Logging with OpenTelemetry and Loki
A step-by-step guide to using OpenTelemetry's Logging SDK with Grafana Loki and NodeJS
Abstract of Loki warmings himself with logs, digital art
OpenTelemetry (OTEL) is the industry standard for managing telemetry data. The working group's main focus for the past three years is supporting the three pillars of observability: logs, metrics, and traces.
Today, there is a growing number of organizations that use OTEL for traces and metrics. It is not so for logging. In large part, this is because the logging API was not marked stable until April this year. Most people I talk to are still under the impression that OTEL does not support logs.
Today's post will attempt to correct the misconception. We will be using the NodeJS OTEL SDK to add logging to a simple web app. Logs will be collected using the otel agent (otel-collector-contrib) and exported to Loki, an open-source logging backend. Traces will be generated via auto-instrumentation and auto-correlated with logs (and vice versa). Semantic conventions will be mentioned.

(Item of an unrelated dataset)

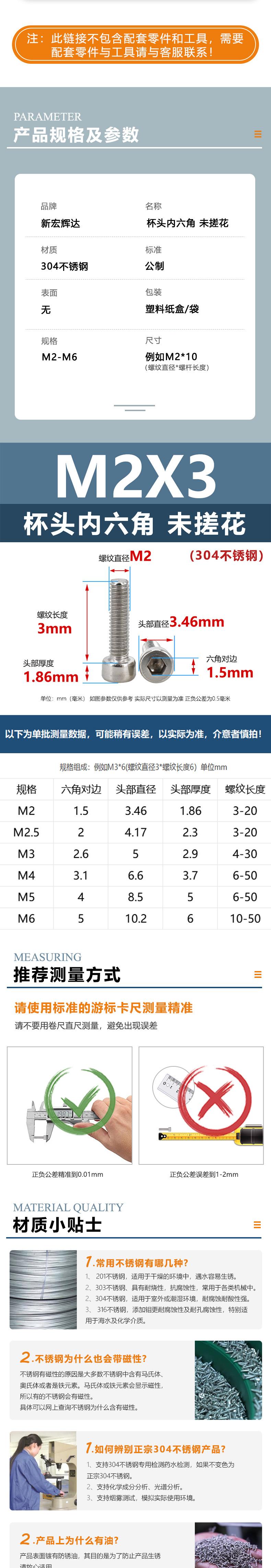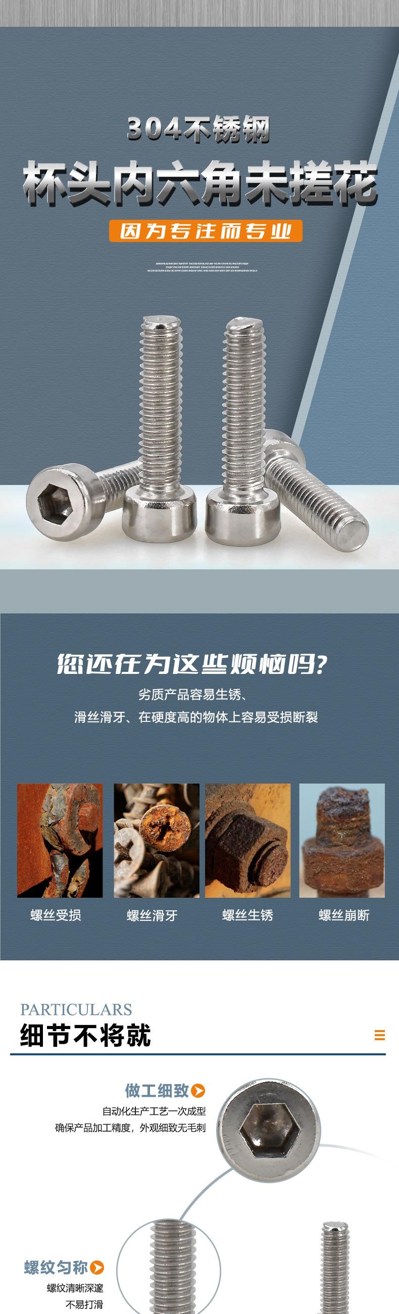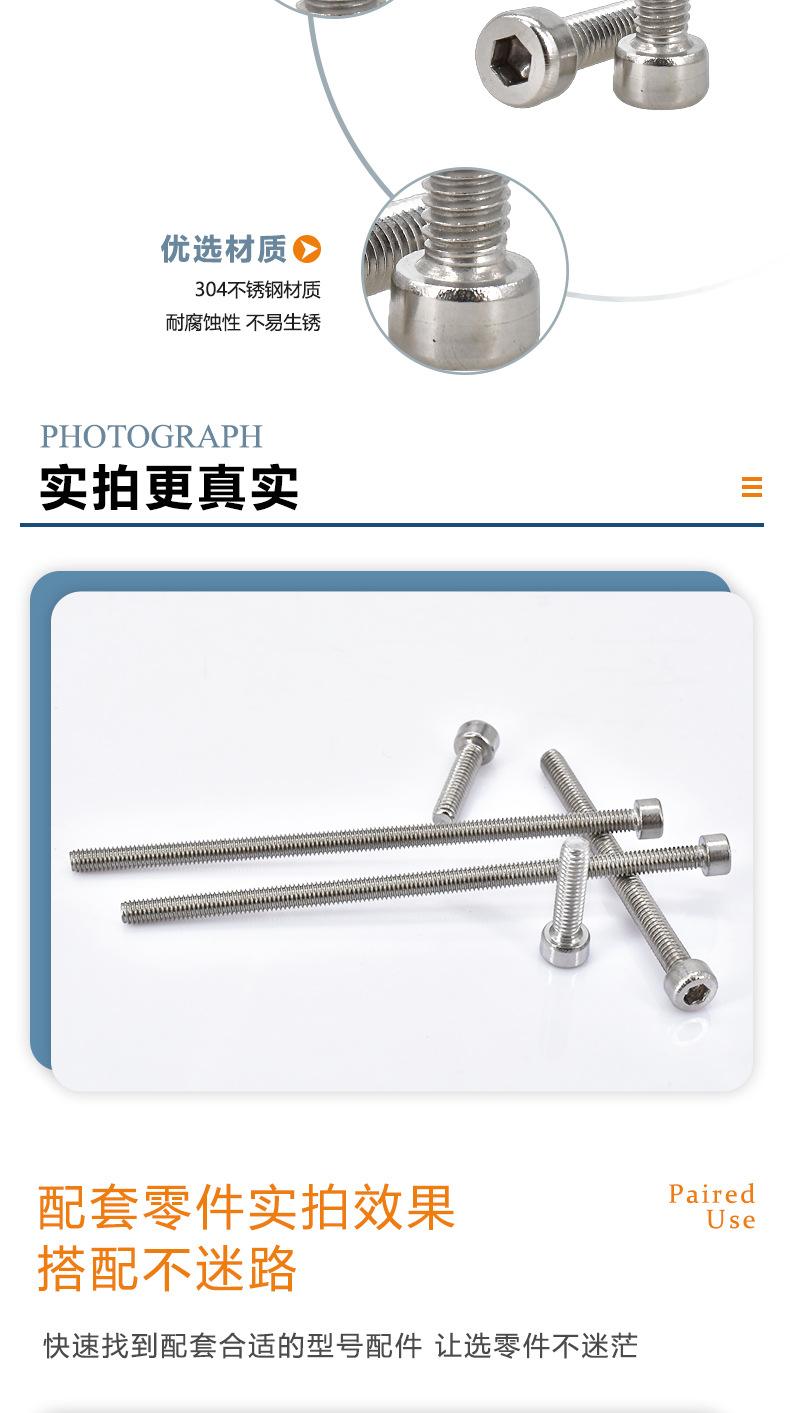 Tornillo de cabeza hueca hexagonal de acero inoxidable 304 sin torsión M2M6, tornillo de perno de diente completo con cabeza cilíndrica hexagonal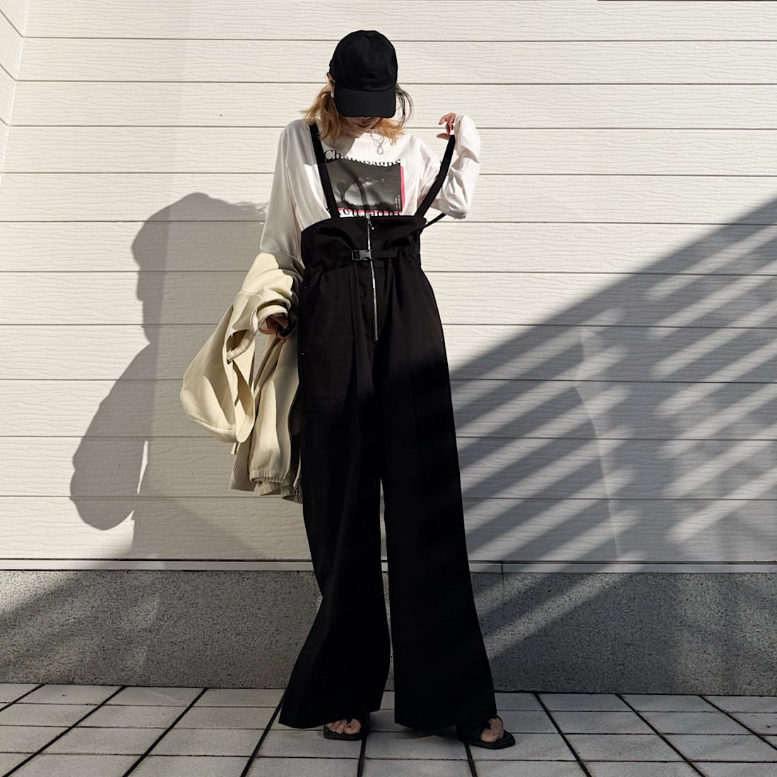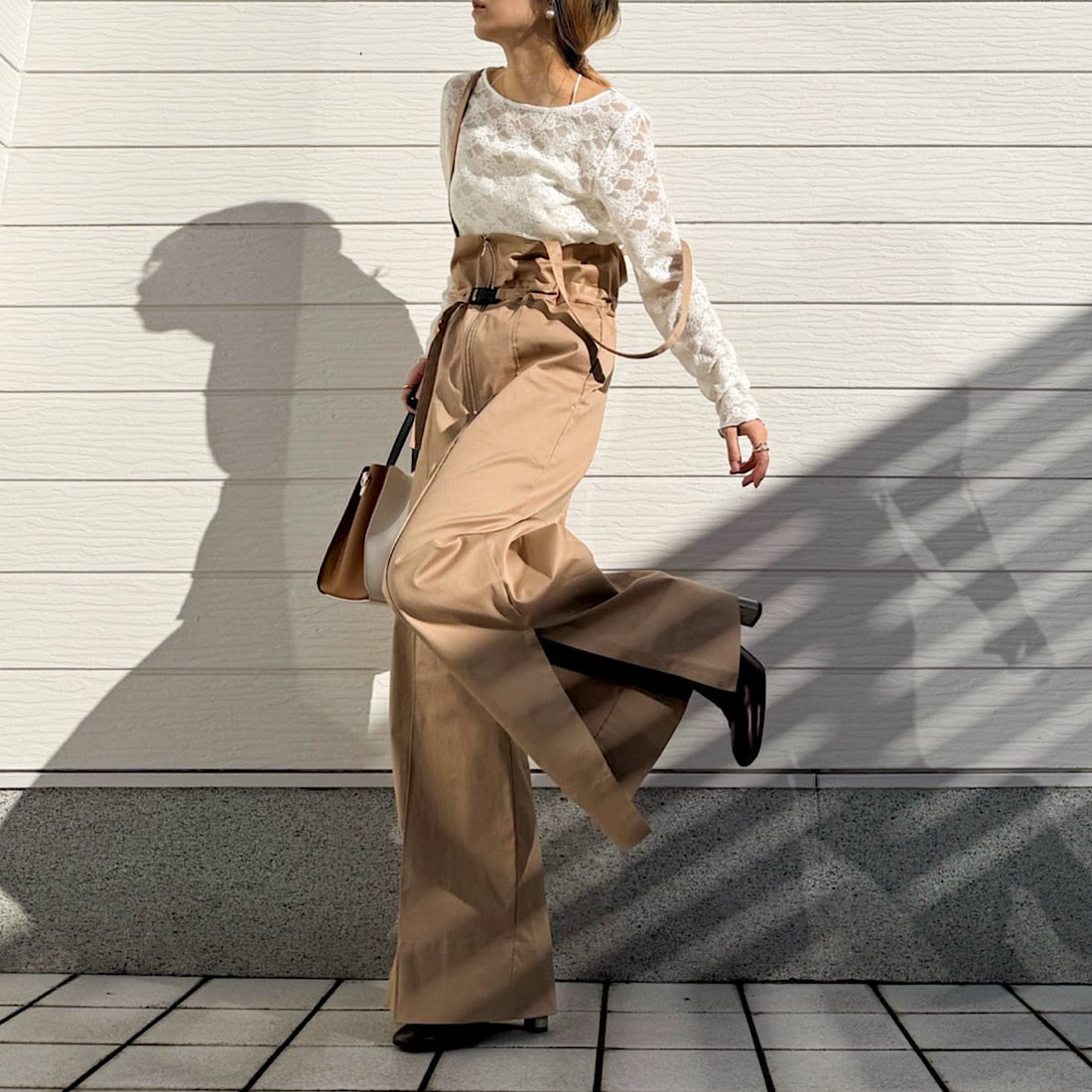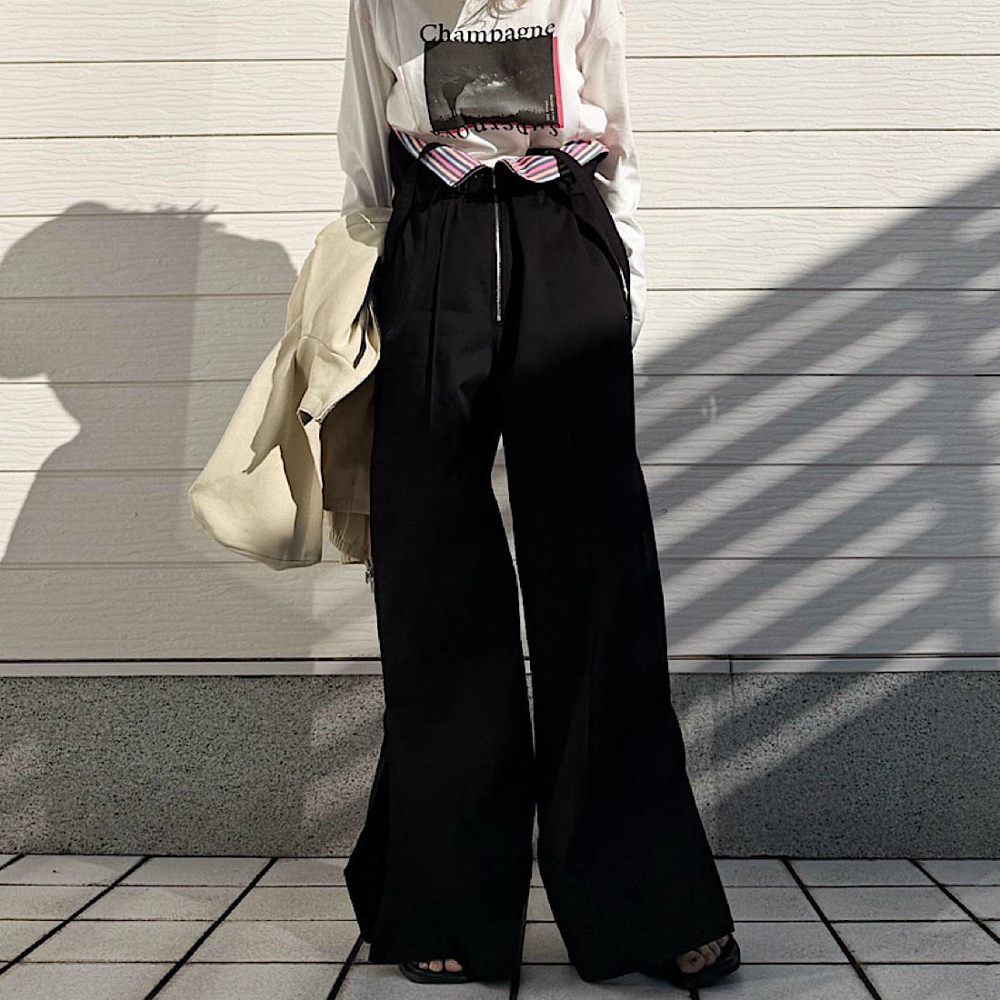程よいワイドシルエットでサイドスリットが歩くたびに軽く揺れるパンツです。

For those who want to jump directly to the code, you can download the result on Github.
Setup the App
First, initialize your nodejs project and install express (a minimalist web framework for nodejs).
mkdir otel-node-demo
cd otel-node-demo
npm init -y
npm i express
Next, write the application code. This application exposes a single endpoint, /rolldice
, which will return a random number between 1 and 6.
app.js
const express = require('express');
const PORT = parseInt(process.env.PORT || '8080');
const app = express();
app.get('/rolldice', (req, res) => {
const randNum = getRandomNumber(1, 6)
res.send((randNum).toString() + "\n");
});
app.listen(PORT, () => {
console.log(`Listening for requests on http://localhost:${PORT}`);
});
Start the application. This will run an express server listening on port 8080
$ node app.js
Listening for requests on http://localhost:8080
In a separate terminal, you can roll the dice by sending a few requests to the /rolldice
endpoint
$ curl localhost:8080/rolldice
5
$ curl localhost:8080/rolldice
3
Add Logs
To add logs, start by installing the necessary OTEL dependencies
npm i @opentelemetry/sdk-node \
@opentelemetry/api \
@opentelemetry/sdk-logs
NOTE: The status of the Javascript Logging SDK is currently in development
Next, create an initialization file for the OTEL NodeSDK
instrumentation.js
const { NodeSDK } = require('@opentelemetry/sdk-node');
const {
SimpleLogRecordProcessor,
ConsoleLogRecordExporter,
} = require('@opentelemetry/sdk-logs');
const sdk = new NodeSDK({
logRecordProcessor: new SimpleLogRecordProcessor(
// writes logs to stdout
new ConsoleLogRecordExporter()
),
});
sdk.start();
Our current configuration will write logs to STDOUT
. To write logs from our application, we need to acquire a logger instance and emit a log.
app.js
diff --git a/app.js b/app.js
index 8ee1efe..b916e9a 100644
--- a/app.js
+++ b/app.js
@@ -1,6 +1,8 @@
+const { logs, SeverityNumber } = require('@opentelemetry/api-logs');
+const logger = logs.getLogger('app', '0.1.0');
app.get('/rolldice', (req, res) => {
const randNum = getRandomNumber(1, 6)
+ const attributes = {
+ 'roll': randNum
+ }
+ logger.emit({
+ severityNumber: SeverityNumber.INFO,
+ body: "exiting /rolldice",
+ attributes
+ });
res.send(randNum.toString() + "\n");
});
We can now restart our application with the instrumentation code preloaded.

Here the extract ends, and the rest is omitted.